■ Supplied information
______
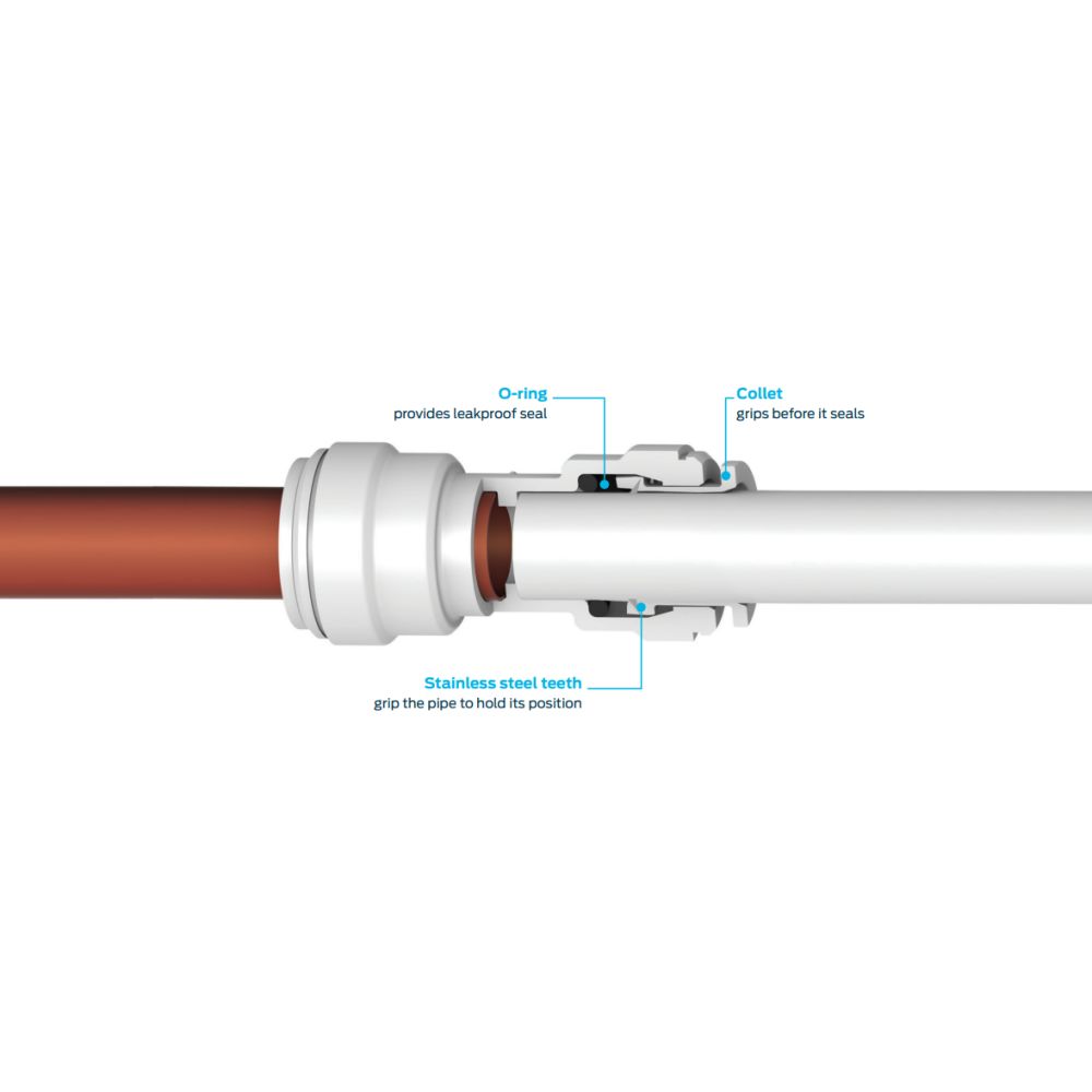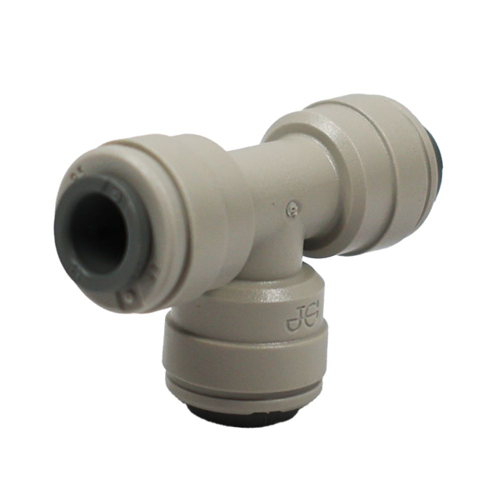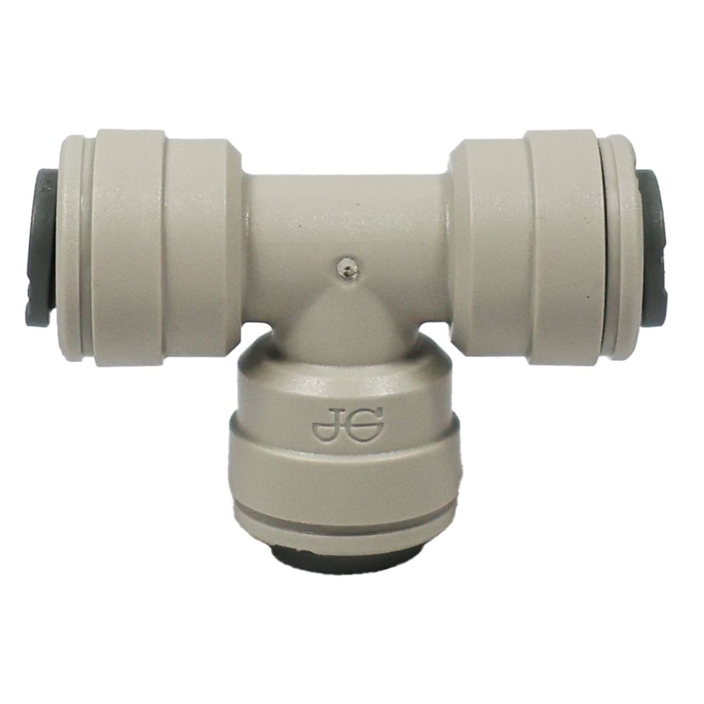 The John Guest union tee makes connecting OD tubing sizes quick and easy. Manufactured in gray acetal with food grade nitrile O-ring, these fittings are suitable for food, beverage, and potable liquids. They are also suitable for air and inert gases therefore can be used for CO2 and nitrogen beverage gas lines, pneumatics, vacuum as well as other applications.
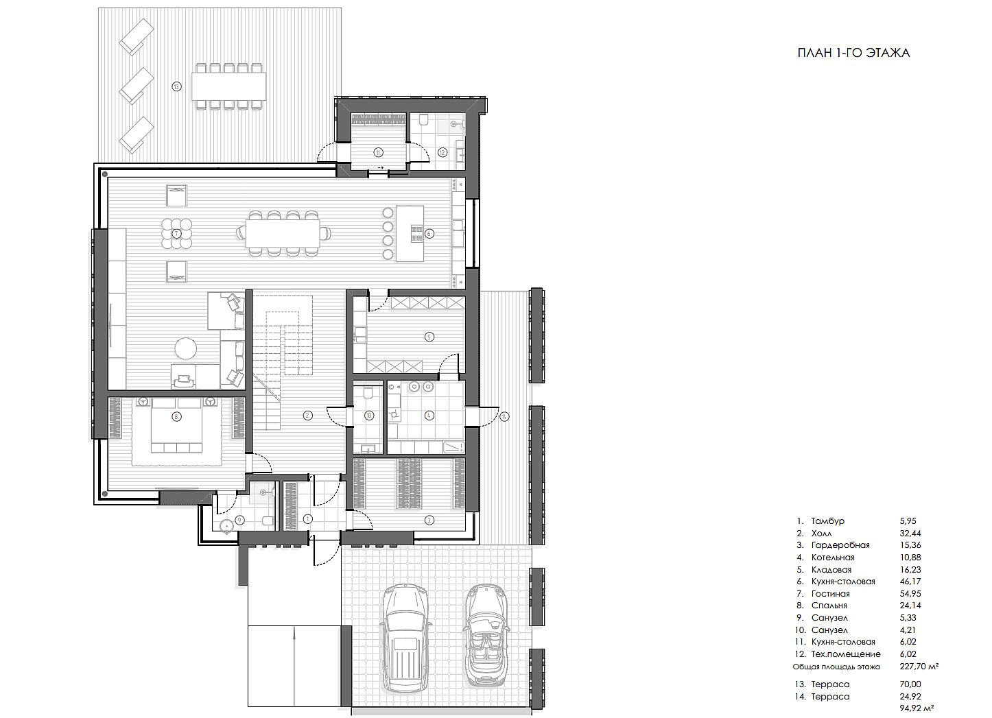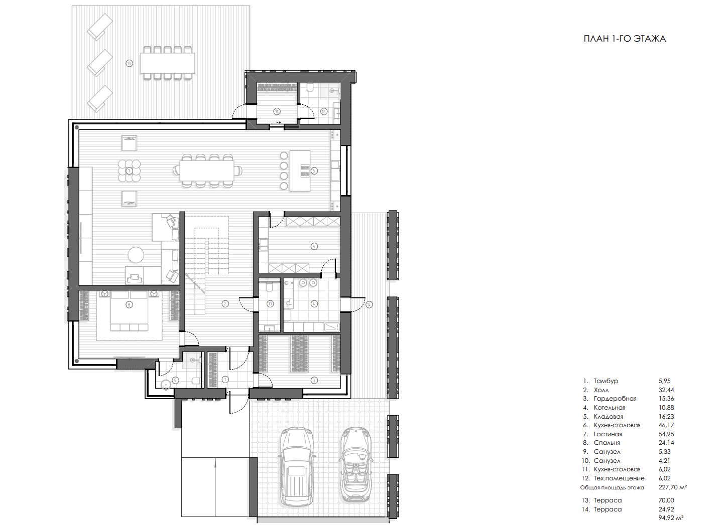 Первый этаж: холл, гардеробная, котельная, кладовая, кухня-столовая, гостиная, спальня, санузел, санузел, рабочая кухня, техническое помещение;
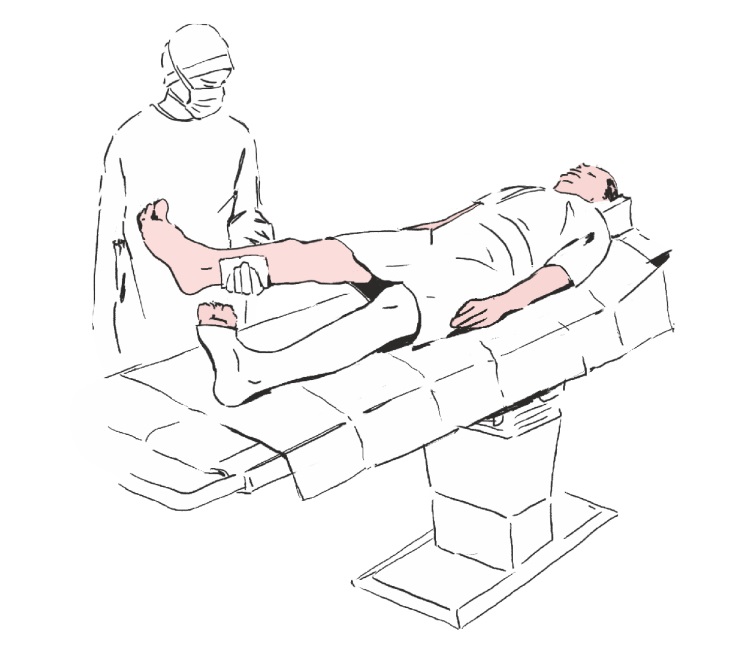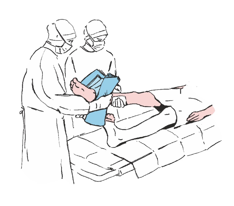 Unieść do góry kończynę podlegającą procedurze medycznej wykorzystując do tego celu załączone do zestawu ręczniki.
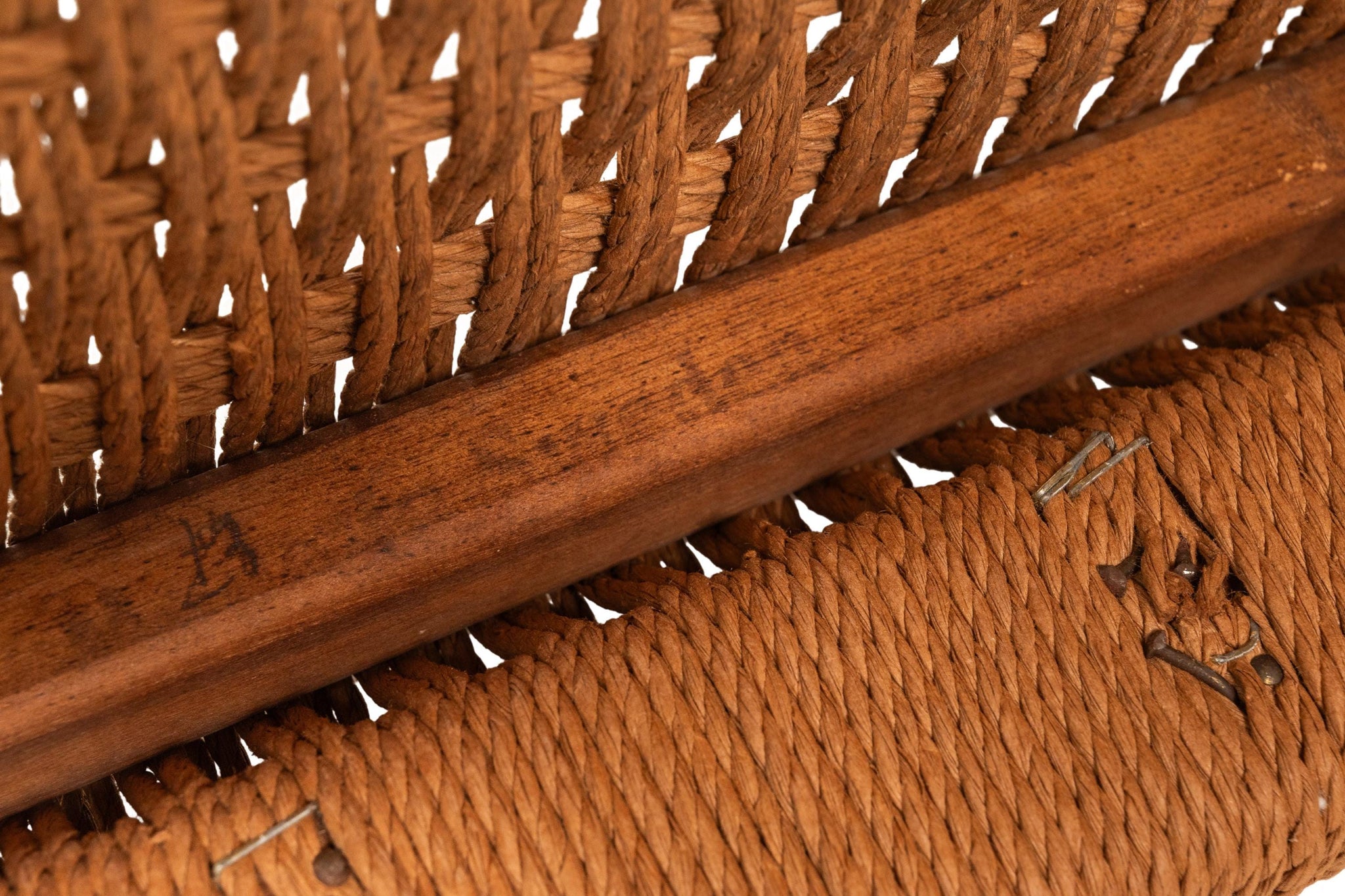 The original seagrass paper cord seat is in remarkably good shape showing only minor areas of discoloration which can be seen in the detail photos and natural light video provided. With that said there are no broken strands, fraying or odors present whatsoever and the seat is weight-bearing.
______
■ Brief
Only the lines from the one with "Unieść do góry" to the last line of the listing, inclusive, are to be set down, exactly as they stand and without pictures.

■ Solution for this problem
 Unieść do góry kończynę podlegającą procedurze medycznej wykorzystując do tego celu załączone do zestawu ręczniki.
 The original seagrass paper cord seat is in remarkably good shape showing only minor areas of discoloration which can be seen in the detail photos and natural light video provided. With that said there are no broken strands, fraying or odors present whatsoever and the seat is weight-bearing.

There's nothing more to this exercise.